Problem details:
Quote each line of the material verbatim, without the pictures.

Information supplied:
········

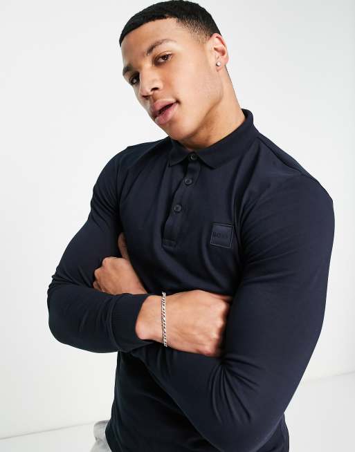 BOSS Orange Passerby long sleeve polo in navy
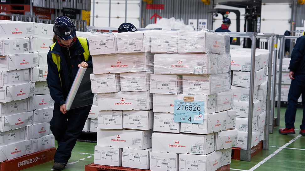 まず食肉事業を見てみましょう。国内のグループ農場で生産、処理・加工された牛・豚・鶏肉、また海外のグループ会社等から輸入された食肉などは、主に東日本エリアの川崎市、西日本エリアの西宮市、大阪市の3つの拠点にある「日本物流センター」に集約して保管されます。
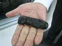 にぎり墨体験は職人によって円筒状に延ばされた墨をご自分の手のひらでにぎる体験です。
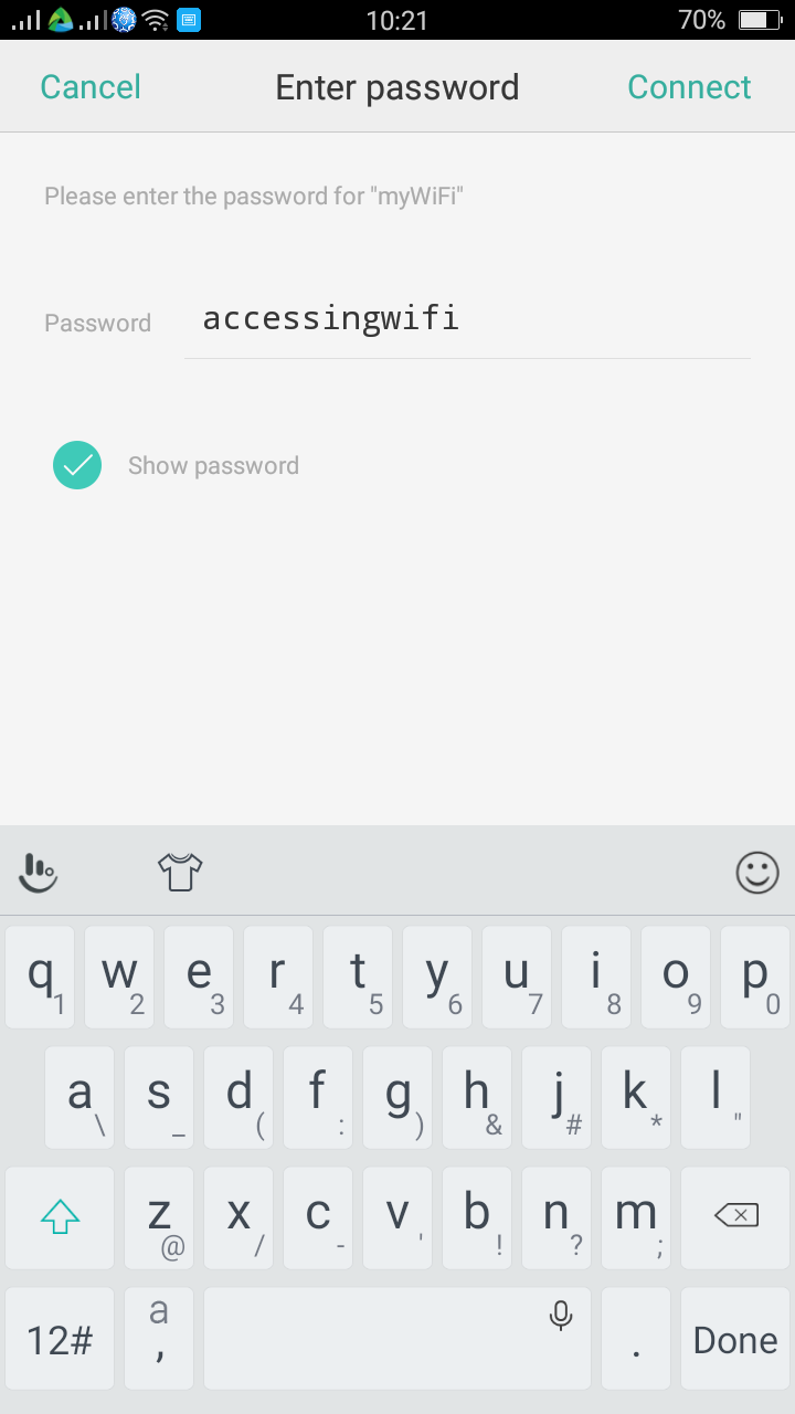 5.      Enter Password screen will be displayed.  Type accessingwifi in Password field.

········

Solution for this problem:
 BOSS Orange Passerby long sleeve polo in navy
 まず食肉事業を見てみましょう。国内のグループ農場で生産、処理・加工された牛・豚・鶏肉、また海外のグループ会社等から輸入された食肉などは、主に東日本エリアの川崎市、西日本エリアの西宮市、大阪市の3つの拠点にある「日本物流センター」に集約して保管されます。
 にぎり墨体験は職人によって円筒状に延ばされた墨をご自分の手のひらでにぎる体験です。
 5.      Enter Password screen will be displayed.  Type accessingwifi in Password field.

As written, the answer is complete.